Yield: 2 sandwiches, 1 serving
Apple slices replace bread in this crunchy twist on the peanut butter sandwich.
- 1 apple, unpeeled
- 2 tablespoons raw almond or cashew butter
- 2 teaspoons raisins (optional)
- cutting board
- chef’s knife, 8-inch
- paring knife
- measuring spoons
Slice the apple thinly crosswise and remove the seeds and core with a paring knife. Spread 1 apple slice with 1 tablespoon of the almond butter and top with 1 teaspoon of the raisins if desired. Put another apple slice on top. Repeat with 2 additional apple slices. Serve immediately.
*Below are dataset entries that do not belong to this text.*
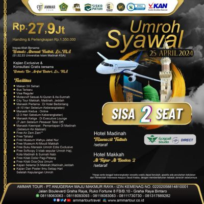 Umroh Syawal 2024 dengan keberangkatan 25 April 2024. Daftarkan Ibadah Umroh kamu bersama ammartour, Hubungi kami Sekarang juga untuk mendapatkan informasi terbaru.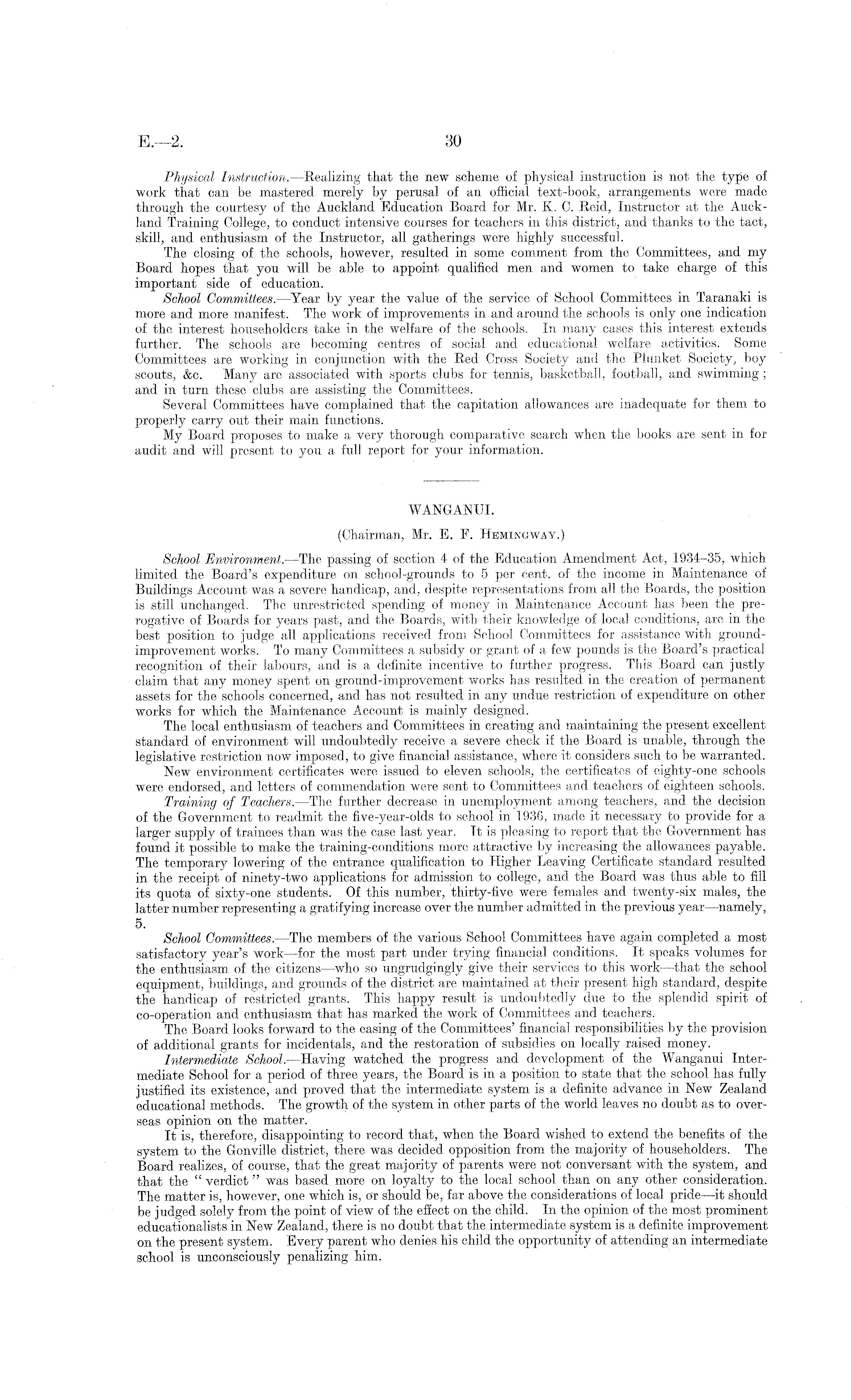Physical Instruction. —Realizing that the new scheme of physical instruction is not the ty]se of work that can be mastered merely by perusal of an official text-book, arrangements were made through the courtesy of the Auckland Education Board for Mr. K. C. Reid, Instructor at the Auckland Training College, to conduct intensive courses for teachers in this district, and thanks to the tact, skill, and enthusiasm of the Instructor, all gatherings were highly successful. The closing of the schools, however, resulted in some comment from the Committees, and my Board hopes that you will be able to appoint qualified men and women to take charge of this important side of education. School Committees. —Year by year the value of the service of School Committees in Taranaki is more and more manifest. The work of improvements in and around the schools is only one indication of the interest householders take in the welfare of the schools. In many cases this interest extends further. The schools are becoming centres of social and educational welfare activities. Some Committees are working in conjunction with the Red Cross Society and the Plunket Society, boy scouts, &c. Many are associated with sports clubs for tennis, basketball, football, and swimming ; and in turn these clubs are assisting the Committees. Several Committees have complained that the capitation allowances are inadequate for them to properly carry out their main functions. My Board proposes to make a very thorough comparative search when the books are sent in for audit and will present to you a full report for your information. WANGANUL (Chairman, Mr. E. F. Hemingway.) School Environment.—The passing of section 4 of the Education Amendment Act, 1934-35, which limited the Board's expenditure on school-grounds to 5 per cent, of the income in Maintenance of Buildings Account was a severe handicap, and, despite representations from all the Boards, the position is still unchanged. The unrestricted spending of money in Maintenance Account has been the prerogative of Boards for years past, and the Boards, with their knowledge of local conditions, are in the best position to judge all applications received from School Committees for assistance with groundimprovement works. To many Committees a subsidy or grant of a few pounds is the Board's practical recognition of their labours, and is a definite incentive to further progress. This Board can justly claim that any money spent on ground-improvement works has resulted in the creation of permanent assets for the schools concerned, and has not resulted in any undue restriction of expenditure on other works for which the Maintenance Account is mainly designed. The local enthusiasm of teachers and Committees in creating and maintaining the present excellent standard of environment will undoubtedly receive a severe check if the Board is unable, through the legislative restriction now imposed, to give financial assistance, where it considers such to be warranted. New environment certificates were issued to eleven schools, the certificates of eighty-one schools were endorsed, and letters of commendation were sent to Committees and teachers of eighteen schools. Training of Teachers. —The further decrease in unemployment among teachers, and the decision of the Government to readmit the five-year-olds to school in 1936, made it necessary to provide for a larger supply of trainees than was the case last year. It is pleasing to report that the Government has found it possible to make the training-conditions more attractive by increasing the allowances payable. The temporary lowering of the entrance qualification to Higher Leaving Certificate standard resulted in the receipt of ninety-two applications for admission to college, and the Board was thus able to fill its quota of sixty-one students. Of this number, thirty-five were females and twenty-six males, the latter number representing a gratifying increase over the number admitted in the previous year —namely, 5. School Committees. —The members of the various School Committees have again completed a most satisfactory year's work —for the most part under trying financial conditions. It speaks volumes for the enthusiasm of the citizens —who so ungrudgingly give their services to this work —that the school equipment, buildings, and grounds of the district are maintained at their present high standard, despite the handicap of restricted grants. This happy result is undoubtedly due to the splendid spirit of co-operation and enthusiasm that has marked the work of Committees and teachers. The Board looks forward to the easing of the Committees' financial responsibilities by the provision of additional grants for incidentals, and the restoration of subsidies on locally raised money. Intermediate School. —Having watched the progress and development of the Wanganui Intermediate School for a period of three years, the Board is in a position to state that the school has fully justified its existence, and proved that the intermediate system is a definite advance in New Zealand educational methods. The growth of the system in other parts of the world leaves no doubt as to overseas opinion on the matter. It is, therefore, disappointing to record that, when the Board wished to extend the benefits of the system to the Gonville district, there was decided opposition from the majority of householders. The Board realizes, of course, that the great majority of parents were not conversant with the system, and that the " verdict " was based more on loyalty to the local school than on any other consideration. The matter is, however, one which is, or should be, far above the considerations of local pride—it should be judged solely from the point of view of the effect on the child. In the opinion of the most prominent educationalists in New Zealand, there is no doubt that the intermediate system is a definite improvement on the present system. Every parent wh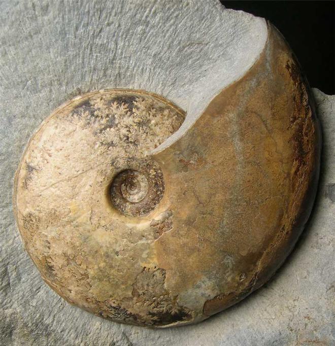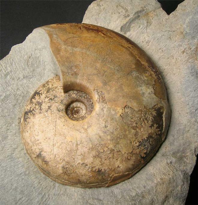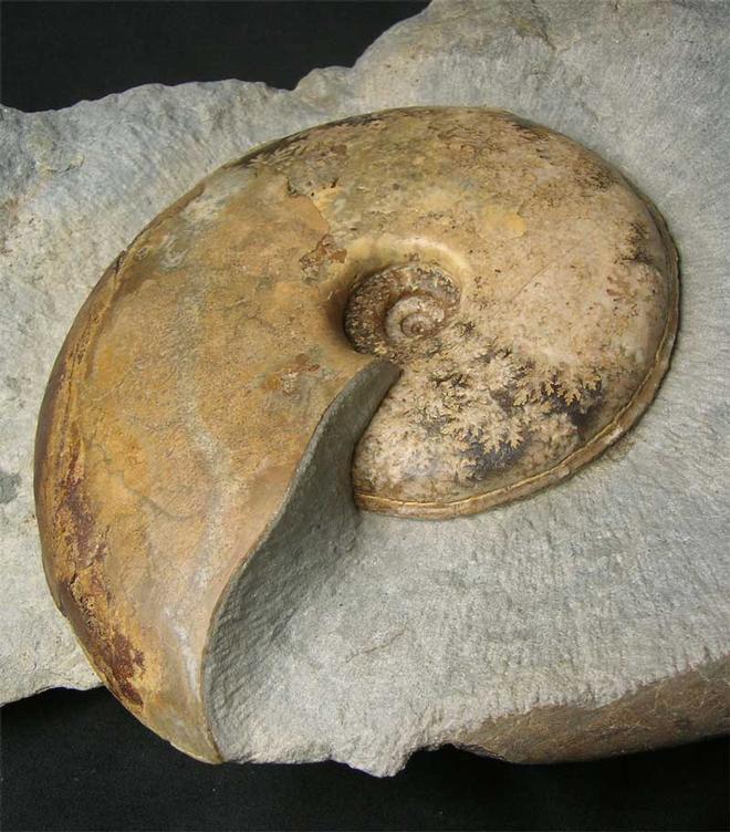 | This ammonite is extremely rare from these shores. We have only found a handful of specimens in over twenty years of collecting from this famous fossil locality. The erosion rate is virtually non existent and the fossiliferous rocks are becoming less and less over a short period of time. The ammonite has an immaculate centre and is preserved in solid calcite. Small patches of shell remain with beautiful detail on the surface and lovely complex sutures under the shell also preserved. Serious collectors of rare UK Oolithic ammonites will appreciate how rare this fossil is. Approximately 175 million years old. This is a highly aesthetic display specimen and has a level base for ease of display.

Per serving: calories: 194, protein: 5 g, fat: 12 g, carbohydrate: 18 g, fiber: 5 g, sodium: 23 mg
Apple-Banana Sandwiches: Omit the raisins. For each sandwich, arrange a few thin slices of banana on top of the almond butter.
Jam and Apple Sandwiches: Omit the raisins. For each sandwich, spread 1 tablespoon of Raspberry Jam on top of the almond butter.
Not Tuna and Apple Sandwiches: Omit the almond butter. Fill each sandwich with 3 tablespoons of Not Tuna Pâté and the optional raisins.